Instructions for the task: In the records below, find the line that contains "高圆圆同款驼色短款羊毛毛呢开衫外套女秋冬廓形宽松气质呢子大衣" and the line that contains "憑借完善的產業鏈配套、科教創", then retype exactly those two lines and every line between them.

[[ Records to process open ]]

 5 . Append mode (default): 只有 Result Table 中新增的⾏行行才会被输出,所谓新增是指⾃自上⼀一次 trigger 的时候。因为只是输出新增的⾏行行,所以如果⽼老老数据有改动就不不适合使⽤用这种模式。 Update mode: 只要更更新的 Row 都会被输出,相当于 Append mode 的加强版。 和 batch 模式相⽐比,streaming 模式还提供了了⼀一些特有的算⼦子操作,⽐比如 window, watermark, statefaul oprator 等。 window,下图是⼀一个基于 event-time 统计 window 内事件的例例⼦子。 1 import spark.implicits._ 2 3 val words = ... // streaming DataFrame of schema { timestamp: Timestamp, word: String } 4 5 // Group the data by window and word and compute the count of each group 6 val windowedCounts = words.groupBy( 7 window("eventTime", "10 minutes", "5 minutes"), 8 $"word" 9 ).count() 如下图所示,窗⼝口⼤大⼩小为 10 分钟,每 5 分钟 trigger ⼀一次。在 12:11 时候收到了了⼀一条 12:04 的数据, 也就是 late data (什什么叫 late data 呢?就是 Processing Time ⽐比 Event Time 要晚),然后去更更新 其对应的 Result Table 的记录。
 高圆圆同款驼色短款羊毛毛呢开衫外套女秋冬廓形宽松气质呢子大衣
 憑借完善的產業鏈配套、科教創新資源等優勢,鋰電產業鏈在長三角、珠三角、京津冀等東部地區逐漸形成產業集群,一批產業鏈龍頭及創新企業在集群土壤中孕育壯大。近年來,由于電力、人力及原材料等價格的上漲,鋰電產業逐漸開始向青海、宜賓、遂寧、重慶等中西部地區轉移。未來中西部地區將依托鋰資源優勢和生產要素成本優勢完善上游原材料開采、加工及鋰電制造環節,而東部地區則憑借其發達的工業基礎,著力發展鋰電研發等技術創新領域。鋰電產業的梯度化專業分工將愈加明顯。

[[ Records to process closed ]]
[[ Records to process open ]]

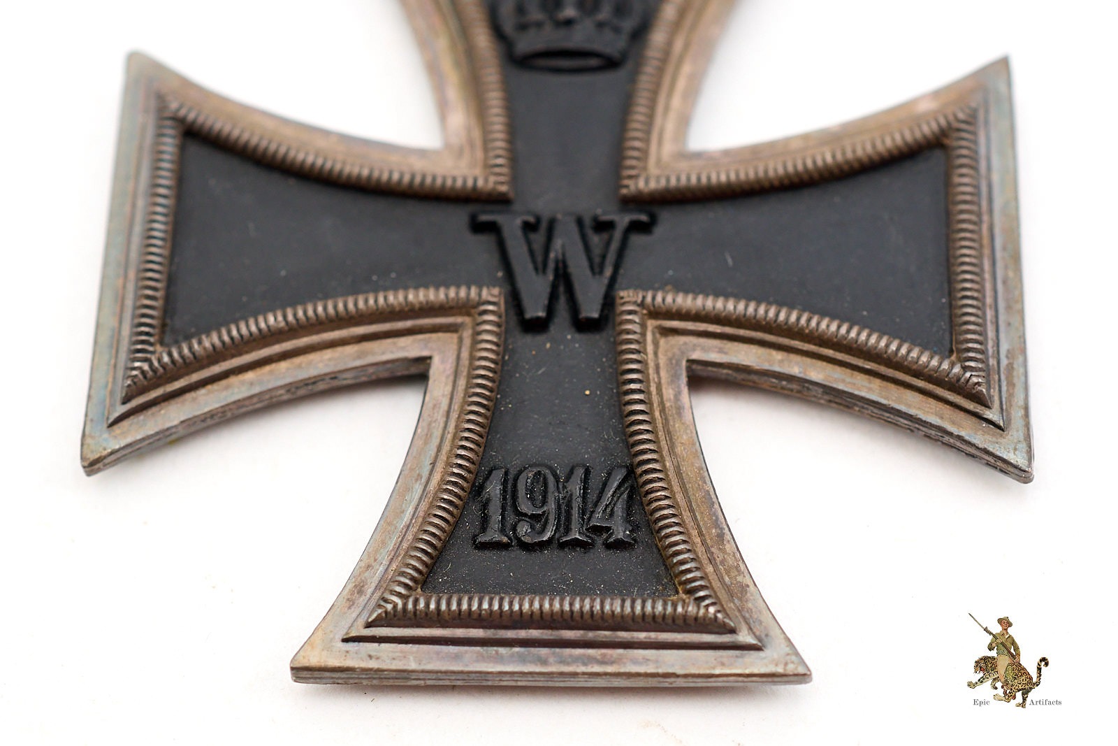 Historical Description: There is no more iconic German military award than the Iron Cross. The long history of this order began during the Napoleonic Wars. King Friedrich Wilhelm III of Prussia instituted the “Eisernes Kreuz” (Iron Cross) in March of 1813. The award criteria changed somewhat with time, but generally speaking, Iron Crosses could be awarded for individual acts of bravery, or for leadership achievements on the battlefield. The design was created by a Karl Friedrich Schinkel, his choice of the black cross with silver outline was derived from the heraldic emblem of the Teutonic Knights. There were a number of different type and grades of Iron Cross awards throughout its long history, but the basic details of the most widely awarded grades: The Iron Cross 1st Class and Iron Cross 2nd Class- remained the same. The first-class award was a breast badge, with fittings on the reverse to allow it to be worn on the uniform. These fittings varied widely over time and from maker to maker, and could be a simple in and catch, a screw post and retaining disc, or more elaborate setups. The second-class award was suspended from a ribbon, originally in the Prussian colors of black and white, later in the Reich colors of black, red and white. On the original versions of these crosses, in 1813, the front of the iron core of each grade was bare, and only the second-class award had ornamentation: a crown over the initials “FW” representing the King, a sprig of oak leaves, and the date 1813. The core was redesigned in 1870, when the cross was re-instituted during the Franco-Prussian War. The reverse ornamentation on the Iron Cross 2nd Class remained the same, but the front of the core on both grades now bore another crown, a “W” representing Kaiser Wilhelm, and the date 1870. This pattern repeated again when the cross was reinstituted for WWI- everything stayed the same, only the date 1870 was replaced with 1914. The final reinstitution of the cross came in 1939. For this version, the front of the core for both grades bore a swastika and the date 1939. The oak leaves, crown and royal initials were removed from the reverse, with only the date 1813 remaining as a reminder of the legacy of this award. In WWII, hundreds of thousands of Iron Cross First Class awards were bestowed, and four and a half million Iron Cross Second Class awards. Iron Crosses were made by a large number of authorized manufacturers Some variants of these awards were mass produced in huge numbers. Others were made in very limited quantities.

[[ Records to process closed ]]

Solution:
 高圆圆同款驼色短款羊毛毛呢开衫外套女秋冬廓形宽松气质呢子大衣
 憑借完善的產業鏈配套、科教創新資源等優勢,鋰電產業鏈在長三角、珠三角、京津冀等東部地區逐漸形成產業集群,一批產業鏈龍頭及創新企業在集群土壤中孕育壯大。近年來,由于電力、人力及原材料等價格的上漲,鋰電產業逐漸開始向青海、宜賓、遂寧、重慶等中西部地區轉移。未來中西部地區將依托鋰資源優勢和生產要素成本優勢完善上游原材料開采、加工及鋰電制造環節,而東部地區則憑借其發達的工業基礎,著力發展鋰電研發等技術創新領域。鋰電產業的梯度化專業分工將愈加明顯。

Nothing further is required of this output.